「熱量高く議論する人たちの思いが、宮藤官九郎さんの言葉の力で僕らにも乗り移ってくる。痛快です」松重豊(東龍太郎)【「いだてん~東京オリムピック噺(ばなし)~」インタビュー】

2019年11月24日 / 20:50

-「いだてん」は、過去の歴史を描く今までの大河ドラマとは違い、1964年の東京オリンピックを中心とした近現代を扱っています。その点で何か感じたことはありますか。

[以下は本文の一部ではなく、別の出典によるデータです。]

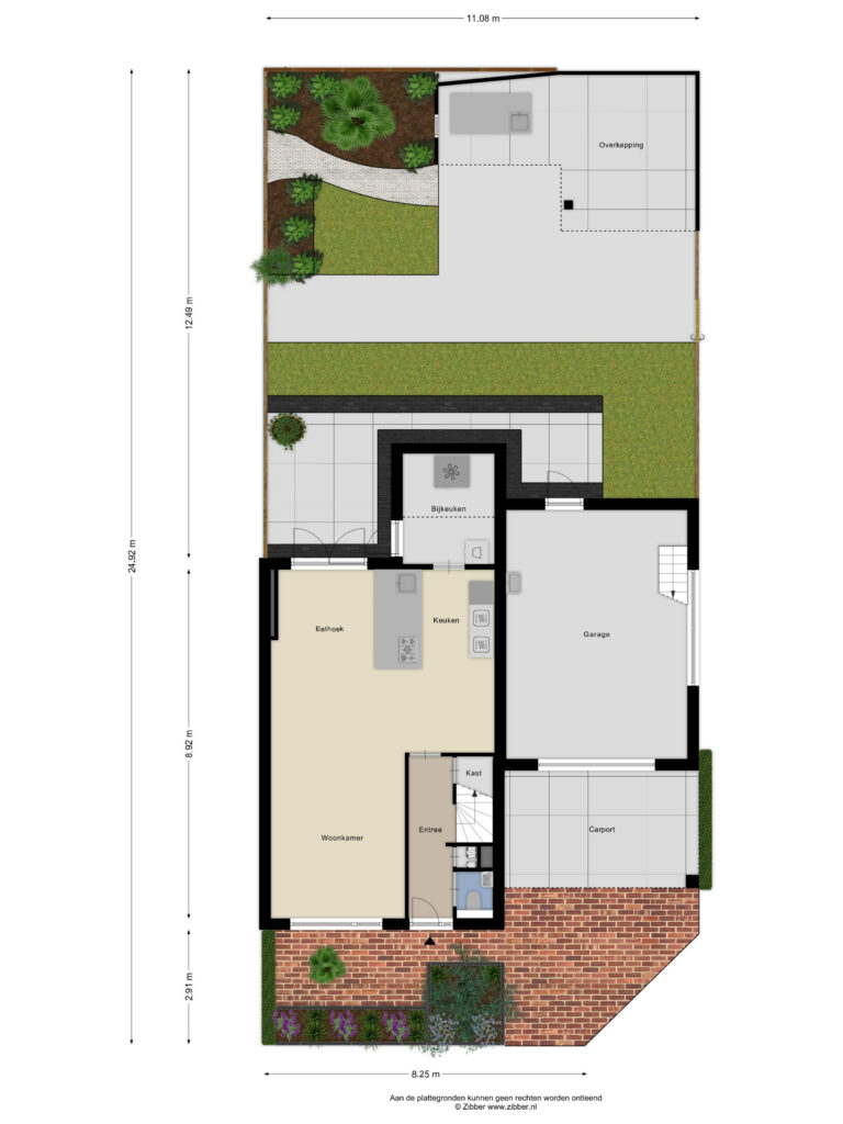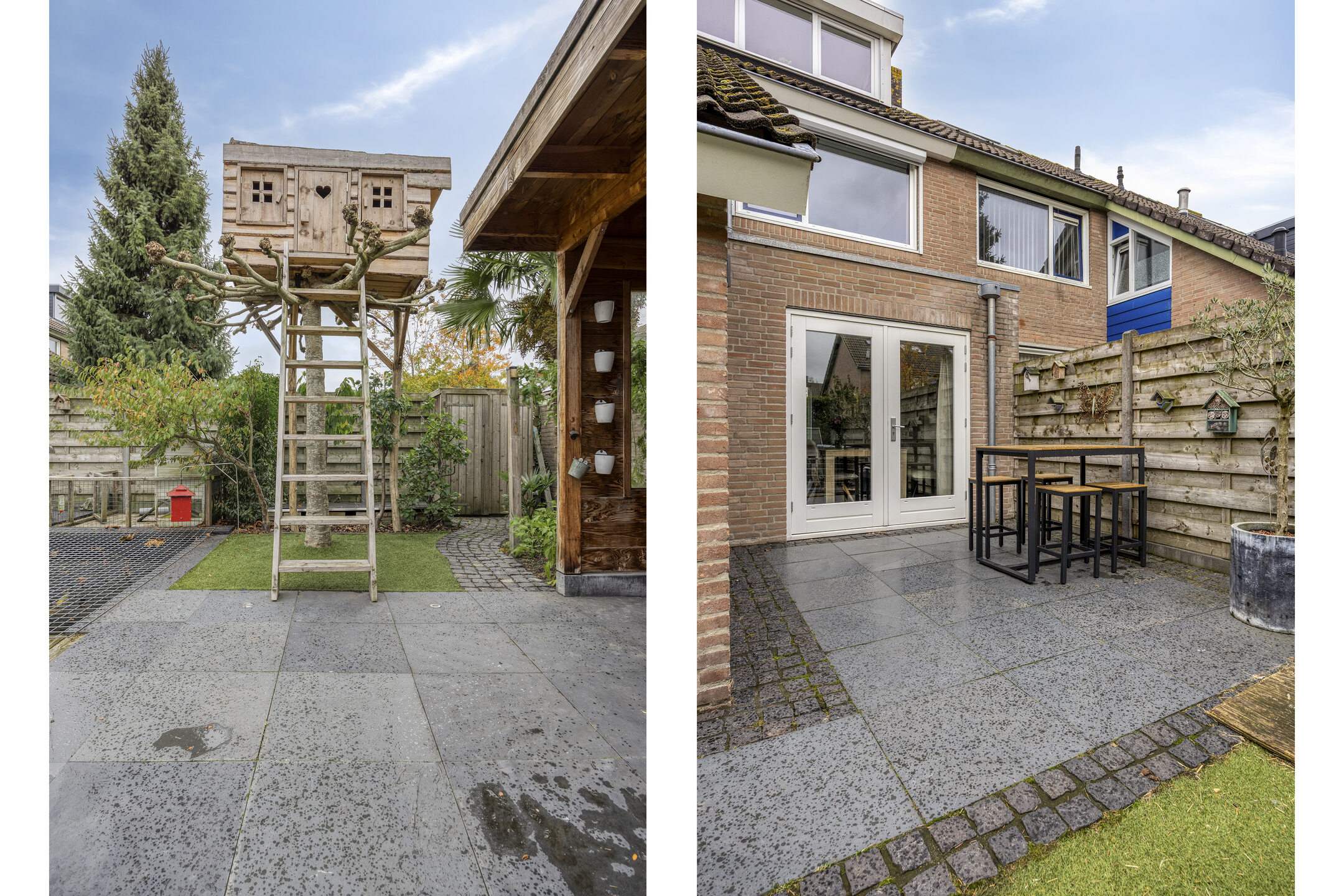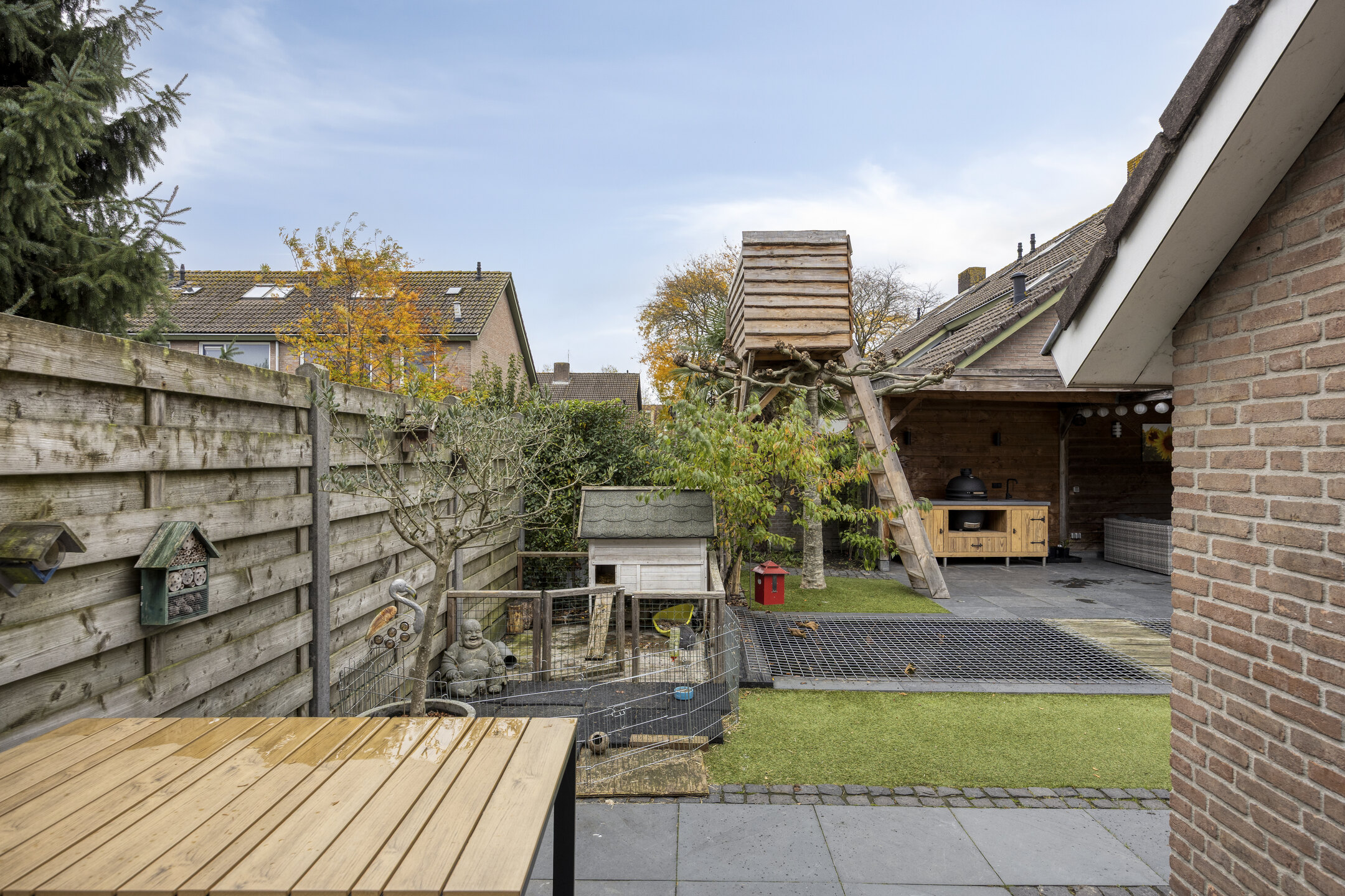 De achtertuin is verzorgd aangelegd en bereikbaar via openslaande tuindeuren. Achterin bevindt zich de in 2014 gebouwde garage met carport, volledig geïsoleerd en voorzien van elektrische sectionaaldeur.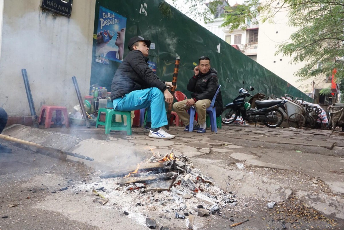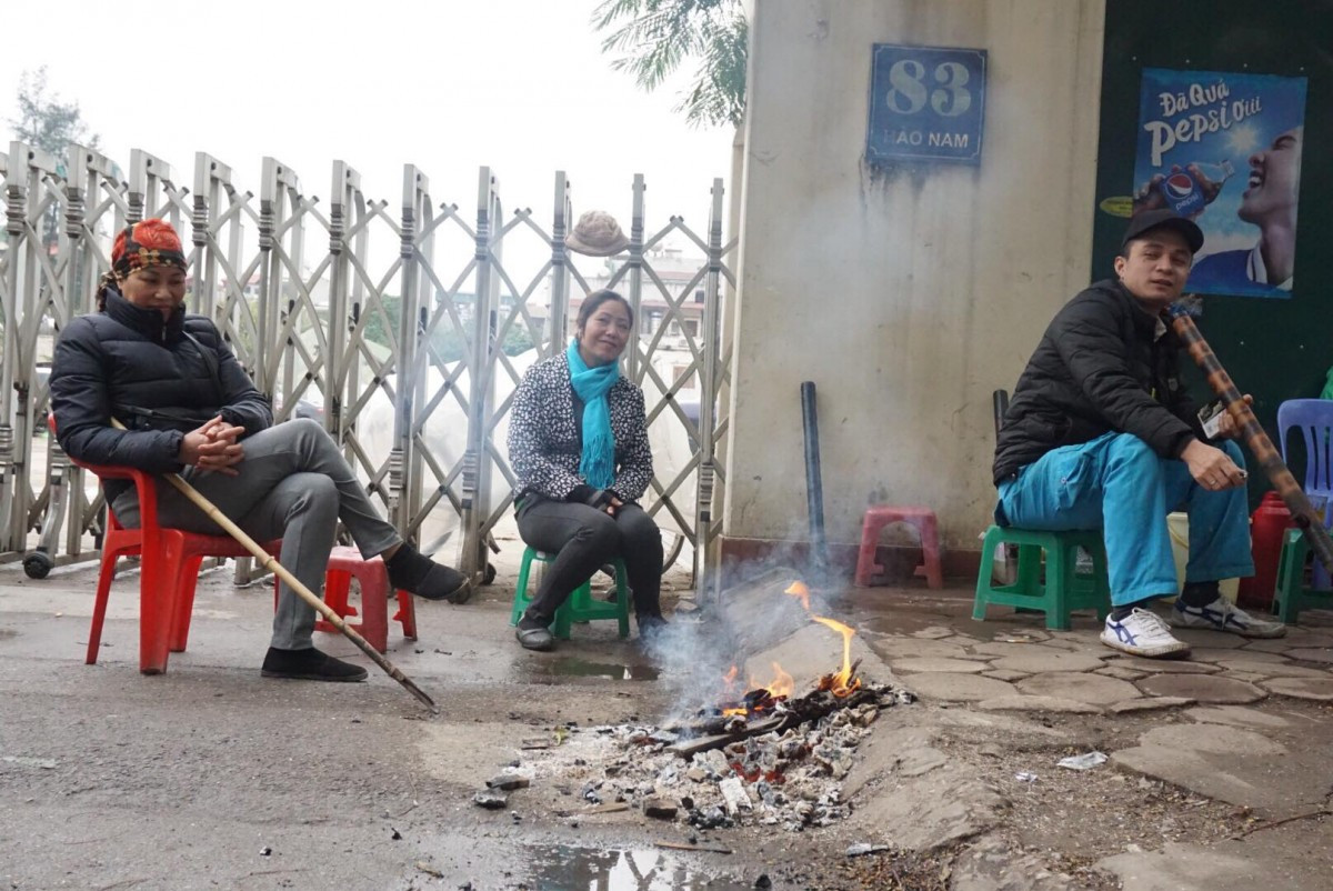 Một nhóm công nhân đứng chờ việc trên đường Yên Lãng, Hà Nội tranh thủ đốt đống lửa sưởi ấm. Cái lạnh như cắt da thịt khiến ai cũng co ro.
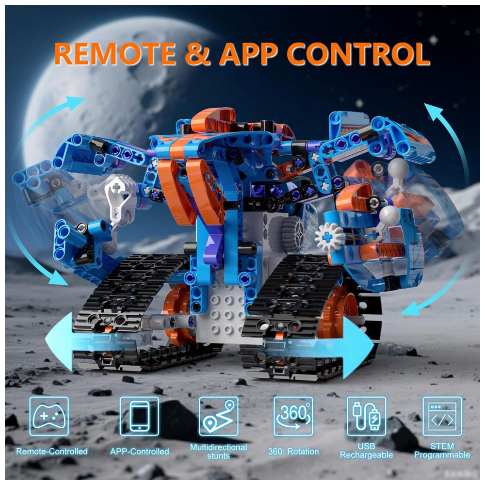 Kit de robô STEM 5 em 1 GLSQWZXD com controle remoto e app 337 peças azul e preto

 今までの大河ドラマは、かつらを付け、衣装を着て、場合によってはよろいやかぶとも身に着けるなど、肉体的にある程度の負荷を負って、歴史上の人物になる“扮装ごっこ”のようなところがありました。でも、今回はそういうことがなく、僕の白髪もそのまま。その上、宮藤さんのホンには、ホームドラマや現代の会社もののような要素があり、会話のテンポがよく、笑いもある。だから、すごく肩の力を抜いて取り組むことができます。ホンを読んで、声を上げて笑うようなことは、今までの大河ドラマにはありませんでしたから。

-今までとはだいぶ違うと?

 ただ、その分、何が大河ドラマなのかということについては、改めて考えさせられました。朝ドラとも土曜ドラマとも違い、ある歴史の景色を見せていくのが大河ドラマ。そういう思いを踏まえて、今までの大河における明治維新や関ケ原に当たるものは何かと考えたら、僕らの時代が背負っているものは、やっぱり戦争。第2次世界大戦に翻弄(ほんろう)されつつも、最終的には東京オリンピックを実現し、それから50数年たって、再びオリンピックが開催される。そういう自分が今いる場所につながる歴史の立脚点として、大河ドラマにふさわしいお芝居をしたいと思っています。とはいえ、宮藤さんの世界観の新鮮さもあり、演じるのはとても楽しいです。